───── The data ─────

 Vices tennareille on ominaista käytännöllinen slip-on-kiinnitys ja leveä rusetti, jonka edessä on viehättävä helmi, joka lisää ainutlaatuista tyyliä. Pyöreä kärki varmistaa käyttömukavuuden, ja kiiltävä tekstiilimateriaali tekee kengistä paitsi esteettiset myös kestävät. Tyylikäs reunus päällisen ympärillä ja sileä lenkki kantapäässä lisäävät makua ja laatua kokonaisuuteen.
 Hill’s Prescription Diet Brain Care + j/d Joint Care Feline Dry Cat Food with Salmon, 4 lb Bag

─────
───── The data ─────

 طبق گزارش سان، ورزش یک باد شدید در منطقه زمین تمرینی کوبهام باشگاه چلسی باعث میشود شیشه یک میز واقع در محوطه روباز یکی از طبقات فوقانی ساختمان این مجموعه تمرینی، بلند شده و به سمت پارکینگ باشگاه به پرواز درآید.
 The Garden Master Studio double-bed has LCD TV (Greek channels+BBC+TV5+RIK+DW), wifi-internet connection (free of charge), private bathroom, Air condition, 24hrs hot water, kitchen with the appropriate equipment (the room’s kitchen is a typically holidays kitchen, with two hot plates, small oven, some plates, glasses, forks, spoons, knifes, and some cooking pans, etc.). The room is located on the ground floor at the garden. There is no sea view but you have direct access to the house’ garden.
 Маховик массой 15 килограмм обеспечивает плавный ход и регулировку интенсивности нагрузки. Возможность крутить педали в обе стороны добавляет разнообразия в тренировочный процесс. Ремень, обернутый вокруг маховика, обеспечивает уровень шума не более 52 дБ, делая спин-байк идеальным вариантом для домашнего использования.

─────

About this exercise: In the listing above, find the line with "طبق گزارش سان،" and the line with "Маховик массой 15". Output those two lines and every line between them, exactly as written.

Response area:
 طبق گزارش سان، ورزش یک باد شدید در منطقه زمین تمرینی کوبهام باشگاه چلسی باعث میشود شیشه یک میز واقع در محوطه روباز یکی از طبقات فوقانی ساختمان این مجموعه تمرینی، بلند شده و به سمت پارکینگ باشگاه به پرواز درآید.
 The Garden Master Studio double-bed has LCD TV (Greek channels+BBC+TV5+RIK+DW), wifi-internet connection (free of charge), private bathroom, Air condition, 24hrs hot water, kitchen with the appropriate equipment (the room’s kitchen is a typically holidays kitchen, with two hot plates, small oven, some plates, glasses, forks, spoons, knifes, and some cooking pans, etc.). The room is located on the ground floor at the garden. There is no sea view but you have direct access to the house’ garden.
 Маховик массой 15 килограмм обеспечивает плавный ход и регулировку интенсивности нагрузки. Возможность крутить педали в обе стороны добавляет разнообразия в тренировочный процесс. Ремень, обернутый вокруг маховика, обеспечивает уровень шума не более 52 дБ, делая спин-байк идеальным вариантом для домашнего использования.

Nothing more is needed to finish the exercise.